Problem description :: In the material below, count the lines with the word "White" and state that number only.

Task data ::
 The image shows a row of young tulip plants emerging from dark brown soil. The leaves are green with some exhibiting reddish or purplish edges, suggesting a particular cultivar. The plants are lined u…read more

* * *

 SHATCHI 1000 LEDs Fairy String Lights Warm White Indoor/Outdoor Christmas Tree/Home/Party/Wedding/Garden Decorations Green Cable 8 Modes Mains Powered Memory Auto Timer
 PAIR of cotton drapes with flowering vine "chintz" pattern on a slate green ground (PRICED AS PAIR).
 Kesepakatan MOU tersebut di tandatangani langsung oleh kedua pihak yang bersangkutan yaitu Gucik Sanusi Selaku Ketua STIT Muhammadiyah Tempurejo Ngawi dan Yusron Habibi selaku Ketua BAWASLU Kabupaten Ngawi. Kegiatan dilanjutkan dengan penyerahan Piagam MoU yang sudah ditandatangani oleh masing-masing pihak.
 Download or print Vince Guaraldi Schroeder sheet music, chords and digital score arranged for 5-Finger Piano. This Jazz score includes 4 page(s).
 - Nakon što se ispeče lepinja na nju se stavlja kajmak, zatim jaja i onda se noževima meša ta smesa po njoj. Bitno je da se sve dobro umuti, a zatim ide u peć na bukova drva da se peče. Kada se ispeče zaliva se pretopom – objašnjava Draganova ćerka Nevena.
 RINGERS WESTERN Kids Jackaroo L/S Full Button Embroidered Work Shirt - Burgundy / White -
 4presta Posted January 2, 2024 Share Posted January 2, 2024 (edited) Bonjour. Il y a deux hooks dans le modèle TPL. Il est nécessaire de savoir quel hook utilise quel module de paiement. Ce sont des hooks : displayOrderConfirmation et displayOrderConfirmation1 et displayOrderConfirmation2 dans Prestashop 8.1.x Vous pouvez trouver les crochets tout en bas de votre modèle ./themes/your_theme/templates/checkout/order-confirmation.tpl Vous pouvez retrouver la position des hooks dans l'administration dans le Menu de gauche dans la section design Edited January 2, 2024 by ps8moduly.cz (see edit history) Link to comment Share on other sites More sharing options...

Answer section :: 2